## [Input]
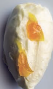
Yogur & Maracuyá
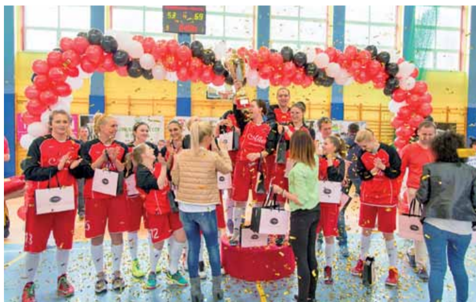
Radość głowieńskiego zespołu TK Alles po zwycięstwie w finałach i awansie do I Centralnej Ligi Kobiet.

Koszykarki biorące udział w zawodach miały udostępnione wszystko, czego potrzebowały. Czwórka finalistów postarała się więc, by Turniej stał na wysokim poziomie sportowym. Miejscowi kibice liczyli, że jednym z dwój-
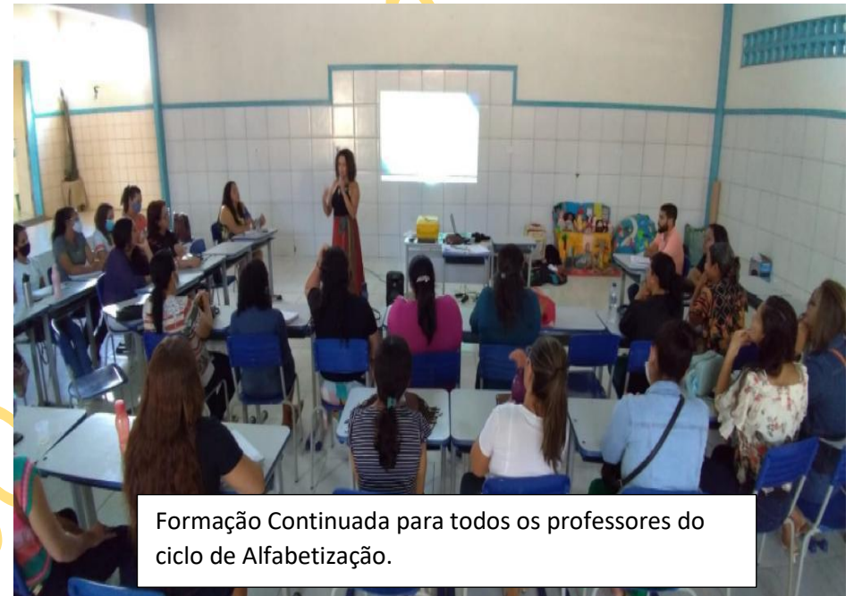
Formação Continuada para todos os professores do ciclo de Alfabetização.
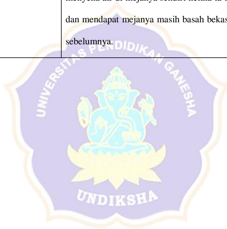
Lampiran 3 Kartu Data: Pola Kesantunan Berbahasa
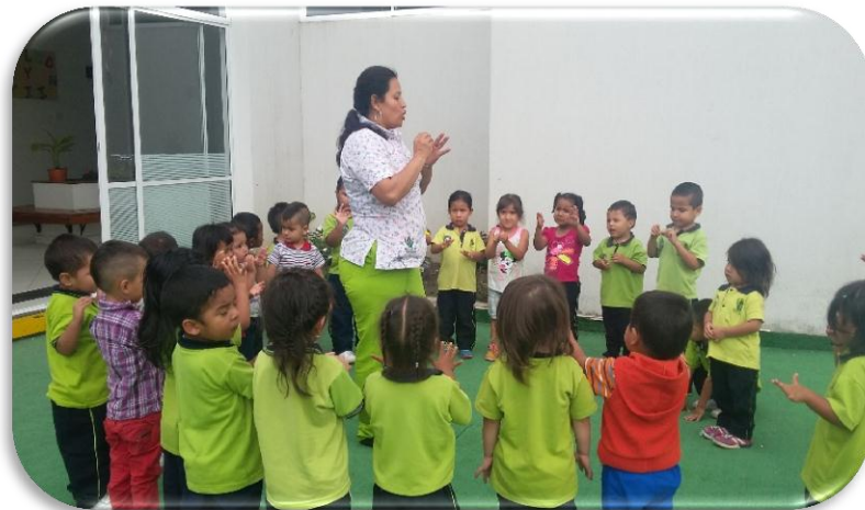
Fotografía 1. El juego trasforma; Hoyos S.2015

## [Description of the task]
Return the line containing "Formação Continuada para" and every line after it through the end of the records above, exactly and nothing else, but not the pictures.

## [Finished task]
Formação Continuada para todos os professores do ciclo de Alfabetização.
Lampiran 3 Kartu Data: Pola Kesantunan Berbahasa
Fotografía 1. El juego trasforma; Hoyos S.2015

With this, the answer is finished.